Sus palabras provocaron una sonora carcajada de Ellery lo que, a su
vez, hizo montar en cólera a Walter de Roghton. El odio que había entre esos
dos hombres era palpable.
A pesar de su ira, Walter de Roghton contestó:
—No; fue idea mía, pero Juan me dio su aprobación tácita. Cuando tú
hubieras muerto, el rey habría recomendado a mi hija para que la casara
con Wulfric.
—Pero ya nos hemos casado —señaló ella—. Se os ha hecho tarde.

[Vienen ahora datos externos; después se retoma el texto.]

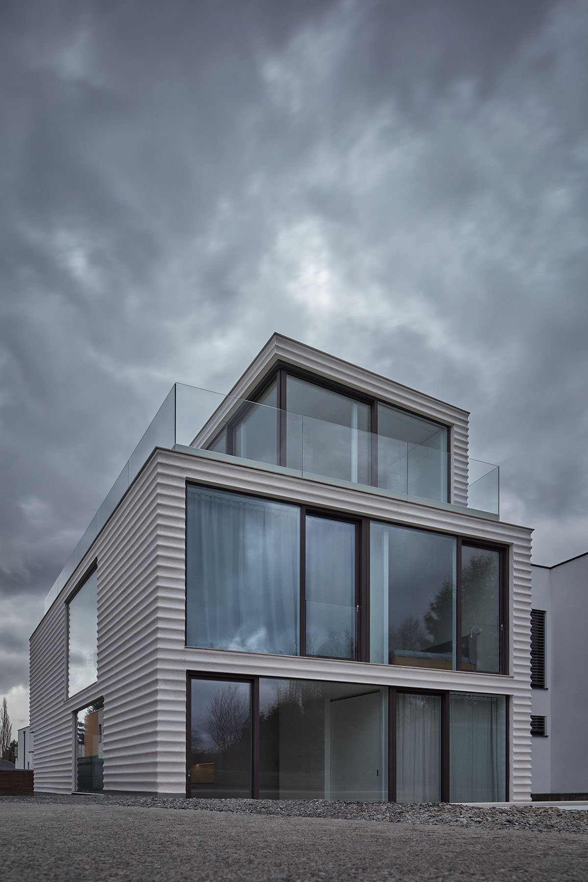 Excerpt: Villa in Percvhtoldsdorf, designed by Jan Proksa – Architect, maximizes the volume of a narrow plot of land to create a modern living space for a two-generation family. The outlines and the façade of the house are reminiscent of the unique and traditional craftwork of Viennese houses. From the intimate entrance to the large open plan living space, this interaction between the perpendicular and the oblique defines a certain perception that pervades the experience of the structure.
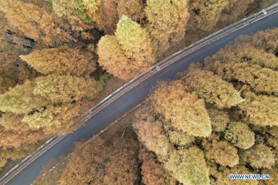 Paysage hivernal d'une forêt de sapins d'eau à Huai'an, dans la province chinoise du Jiangsu (est), le 27 novembre 2020. (Xinhua/Wan Zhen)
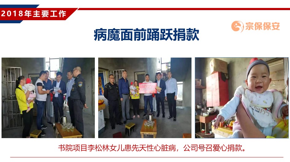 病魔無情,小孩重病陷困境;宗保有愛,踴躍捐款暖人心。2018年2月書院項目隊員李松林的女兒查出患先天性心臟病。高額的手術(shù)費使這個本就不富裕的家庭雪上加霜。病魔無情人有情。公司發(fā)出“愛心捐款、情暖員工”號召,隊員們紛紛伸出援助之手,慷慨解囊,獻出自己的一份愛心。一時間,公司形成了一片“愛的海洋”。一筆筆捐款匯聚著一股股暖流,短短幾日,便募集愛心捐款70460元。捐款活動充分體現(xiàn)了公司廣大員工團結(jié)友愛、互幫互助的美德;彰顯了公司奉獻、友愛、互助、進步的時代新風。
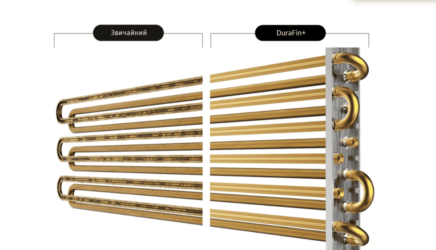 Коррозионно-стойкий материал DuraFin+: Продлевает срок службы кондиционера, защищая его от ржавчины и атмосферного воздействия.
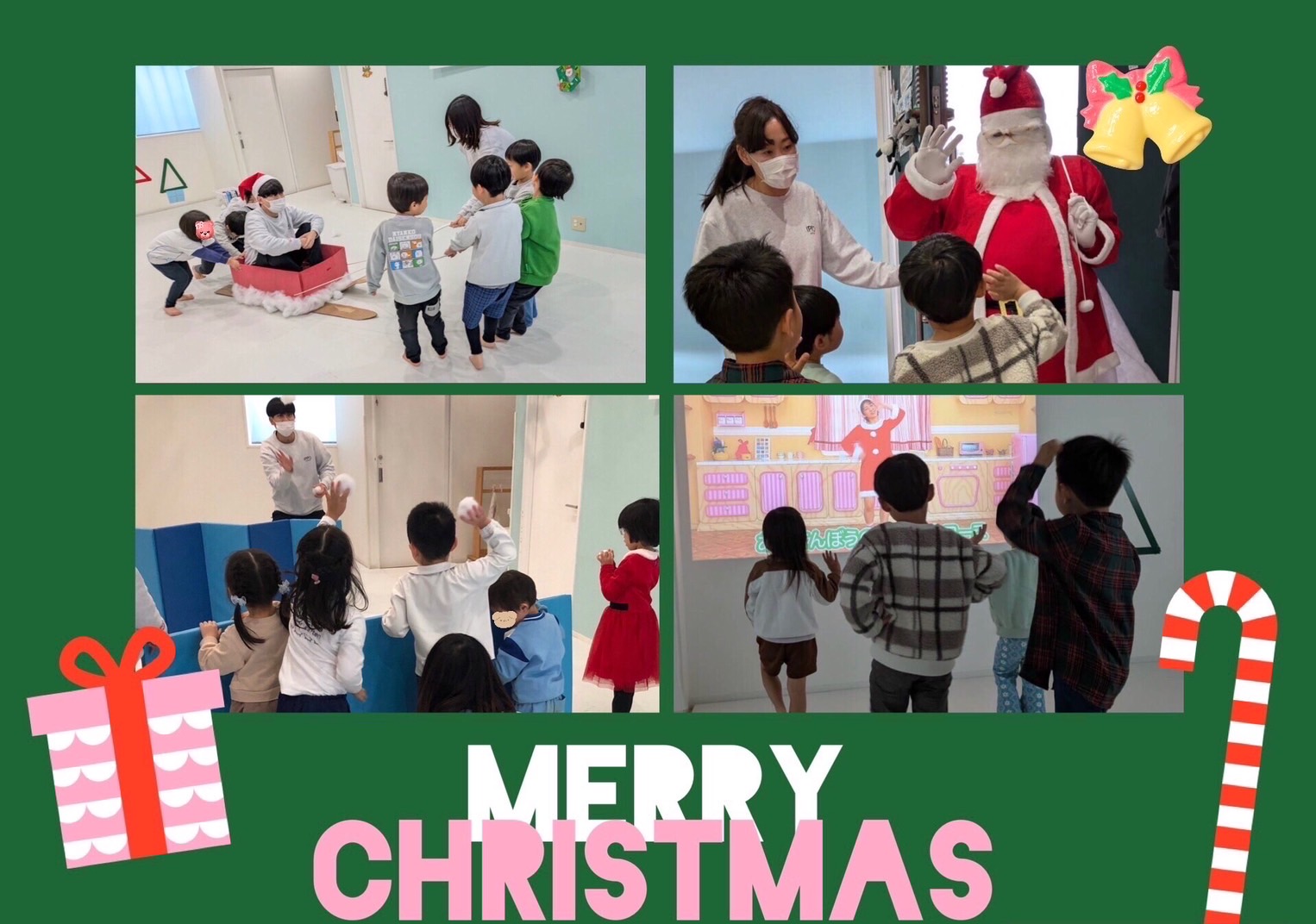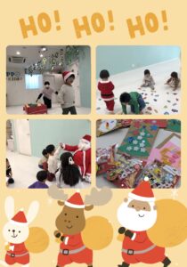 Happy Christmas music started, and it was time to move our bodies The kids rode sleighs , delivered presents , and did their very best during exercise クリスマス音楽に合わせて、元気に体操スタート
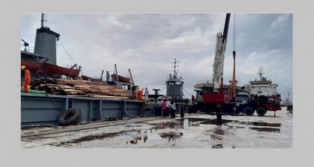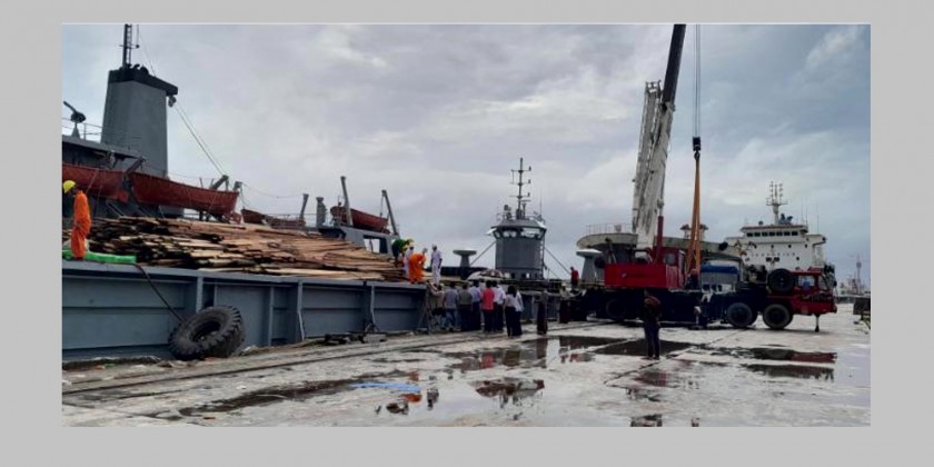 For the use in the natural disaster rescue and rehabilitation works, the MERCURY FORCE vessel loaded 1463.28 tons of relief items including 300 tons of sawn timbers, 154588 corrugated iron sheets, 90230 ridge of roofing CI sheets, 6905 visses of galvanized nails, 7265 visses of nails, 30000 bricks, one crane car, 60 power tillers and 60 engines, 300 barrels of fuel, 200 boxes of water purifying machines, 11.4 tons of foodstuffs and commodities contributed by the Ministries of Defense, Legal Affairs, Agriculture livestock and Irrigation, Cooperative and Rural Development, Natural Resources and Environmental Conservation, Energy, Construction and Mon State Government, left The Myanmar Terminal (TMT) for Sittwe of Rakine State in the evening on 20th June.
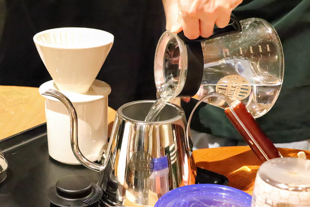 まずは、通常より穴が大きめで、側面に深い切り込みが入ったタリーズオリジナルドリッパーにサーバーを重ね、沸騰したお湯を注いで器具全体を温める。
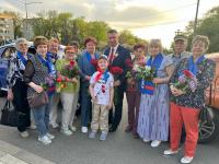 Депутаты, жители и молодёжь города собрались на площади, чтобы в торжественной и праздничной обстановке поприветствовать участников ставшей уже традиционной
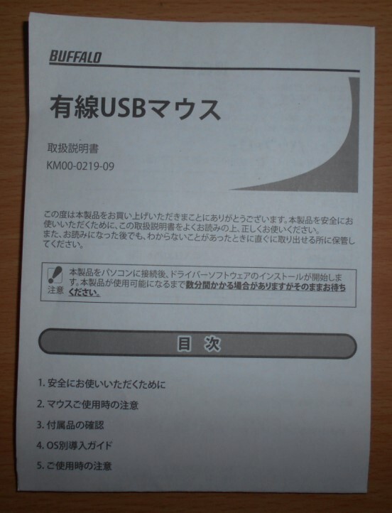 取扱説明書 有線USBマウス用 BUFFALO 中古 1点
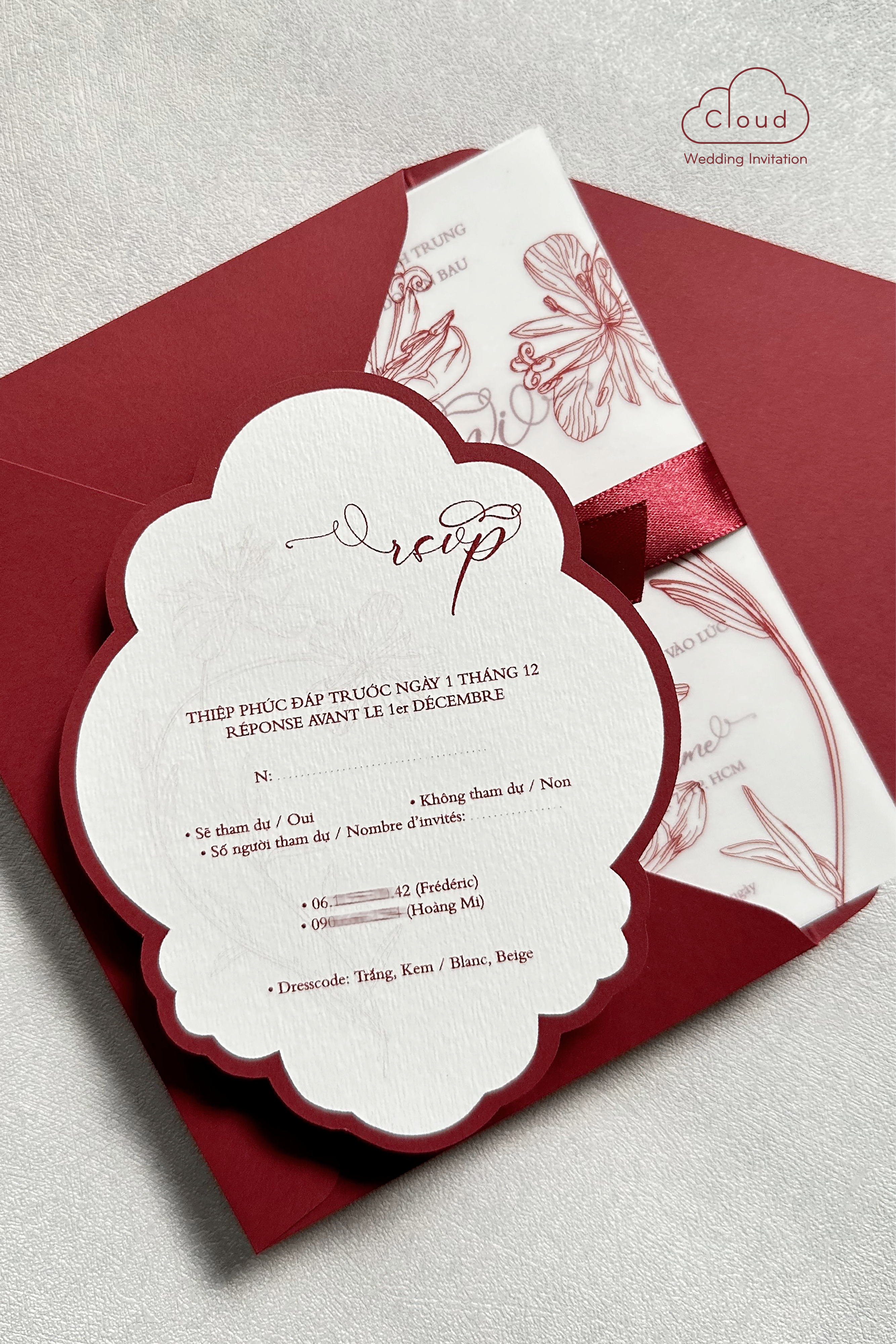 * Tờ dán lót thiệp mời: 12 x 15 cm, quy cách in 1 mặt, bế theo khuôn mẫu, chất liệu giấy mỹ thuật cao cấp.
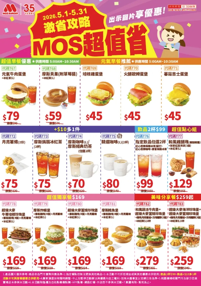 - 月亮薯條、摩斯蒟蒻冰紅茶、摩斯咖啡/摩斯奶茶、精選咖啡+10元多一件
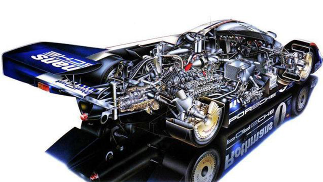 而普通的勒芒Group C赛车用的是一颗来自一副专为Indycar赛车而设的2,650cc水平对置六缸双涡轮增压引擎,动力输出在635马力左右。当时保时捷还热衷于风冷,但风冷的效果对于赛车来说并不全面,所以保时捷就发明了一套独特的冷却系统,就是采用风冷的中缸同时配合上水冷式缸盖。
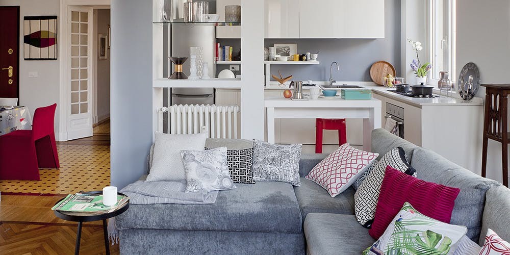 In perceptia spatiului, mobilierul joaca un rol fundamental si, mai ales intr-un spatiu deschis, este important sa se ia in considerare cu atentie alegerea cuiva de a exclude elementele deranjante. Desi bucataria este o zona foarte locuita a casei, camera de zi este cu atat mai mult si, in general, este bine sa ocupe un spatiu mai mare. O canapea confortabila si spatioasa este un apel imediat la relaxare si utilizarea acesteia ca element divizor este intotdeauna o solutie castigatoare.
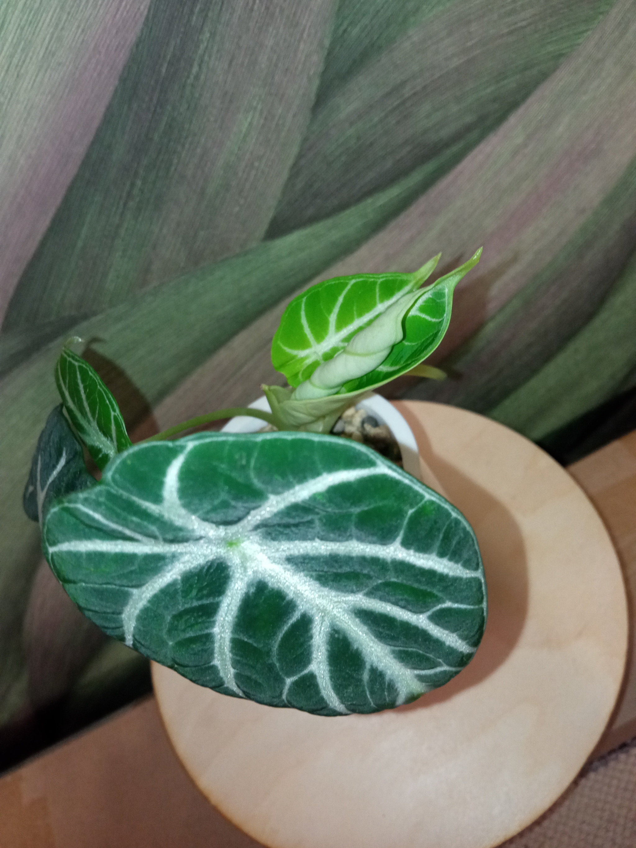 Не только алоказии, но и другие растючки у меня живут. Кашпо сама гончарила. Хвастаюсь)
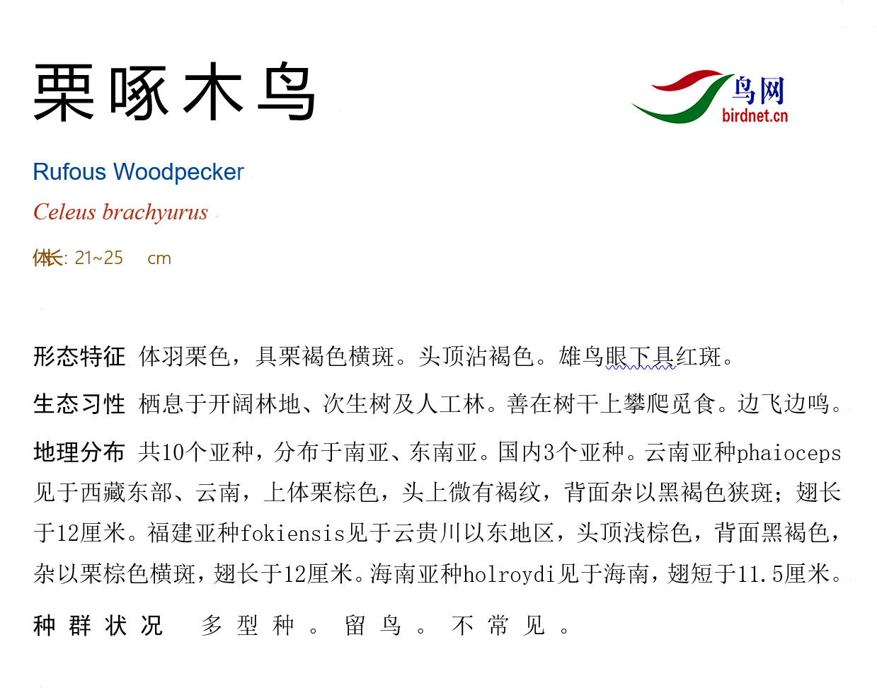 本页面展示的鸟种描述和分布图片等内容均来源于
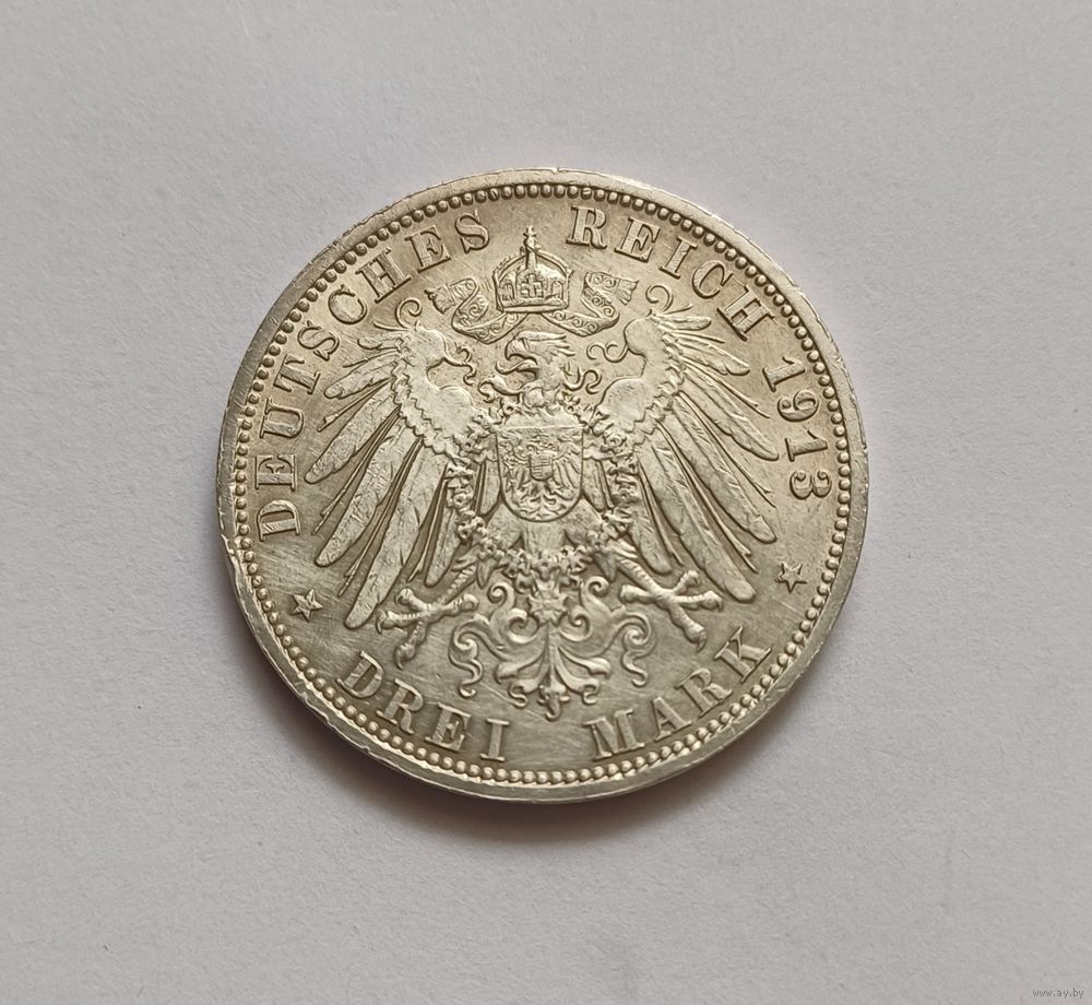 3 марки 1913 г. 900пр., серебра. Пруссия.Германия !
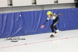 Rebecca skating at the BC Long Track Championships in Fort St John. Photo credit: Raistlin Van Spronsen
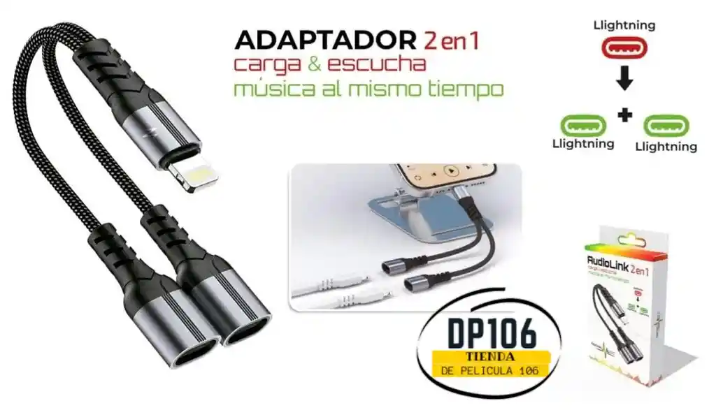 carga y escucha musica al tiempo lighting a 2 puertos de lightning
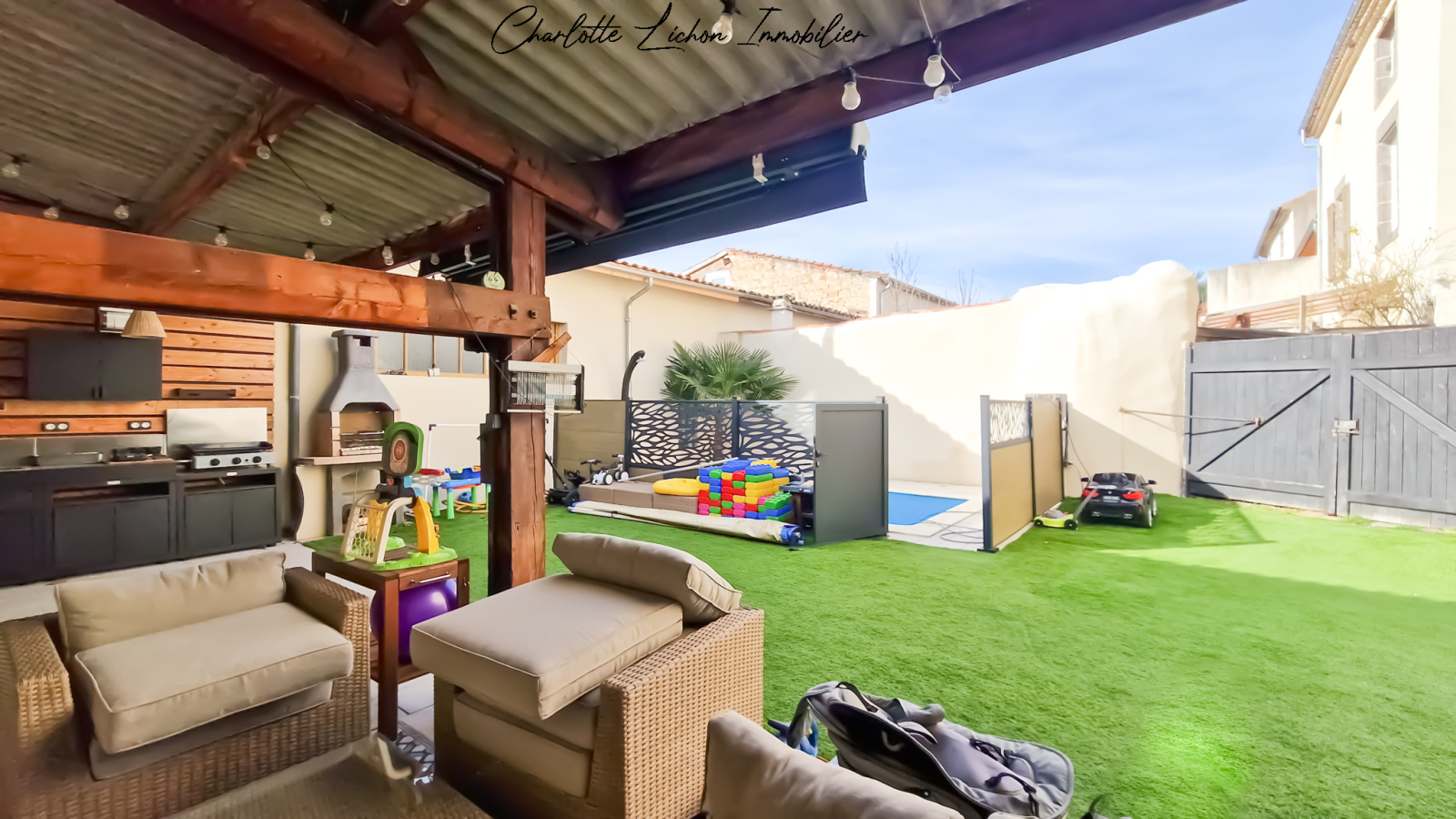 Côté extérieur désormais (227 m2), l’espace a été optimisé pour offrir une piscine enterrée sécurisée et une spacieuse terrasse avec cuisine d’été.
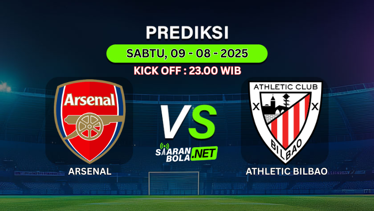 Prediksi PertandinganARSENAL VS ATHLETIC BILBAOKick Off : Sabtu, 09 Agustus 2025Pukul 23:00 WIB Prediksi Skor AkhirARSENAL 2-1 ATHLETIC BILBAO
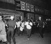 This image of protesters storming through armed and helmeted officers illustrates the anger of civilians of the Harlem Community. Infuriated by the wrongful murder of an innocent fifteen year old African American in an act of police brutality, they stormed the streets of the city calling for discipline action against the NYPD as well as the arrest of the officer who killed James Powell. This image is eerily familiar to events continuing today, as police brutality continues against Black Americans.

—No, no está todo perdido, aunque las cosas no sean tan ideales como
antes. El joven De Thorpe seguirá necesitando otra esposa cuando hayáis
muerto. Puede que Juan sea aún lo bastante benévolo como para
recomendarla, dado que la solidez de la alianza no será la misma con vos
muerta.
Milisant sacudió la cabeza, incrédula ante ese razonamiento. Además;
Juan había cambiado de opinión. Quiso llamarle la atención al respecto, y le
dijo:
—Estáis engañado. Juan os ha retirado su apoyo, ha confirmado la
lealtad del conde y de mi padre, y por consiguiente aprueba mi boda. Ha
mandado a uno de sus hombres a buscar a los que pretendían hacerme
daño para decirles que desistan. ¿Sois vos a quien busca ese hombre y
todavía no os ha encontrado?
—Mentís —le espetó Walter, aunque ella vio la duda en sus ojos y
decidió insistir.
—¿Miento? ¿Y cuál será la reacción de Juan cuando descubra que le
habéis desobedecido directamente? ¿Acaso creéis que viviréis mucho más
que yo? ¿Y para qué? ¿Tengo que morir para que vuestra hija pueda casarse
ton Wulfric? ¿Tan difícil es encontrarle marido que tenéis que matar para
conseguirlo?
El insulto llegó al alma de Walter.
—Es mucho más que eso, zorra. Anne tenía que ser mía. Pasé meses
cortejándola. Sus riquezas deberían haber sido mías. Pero prefirieron a De
Thorpe.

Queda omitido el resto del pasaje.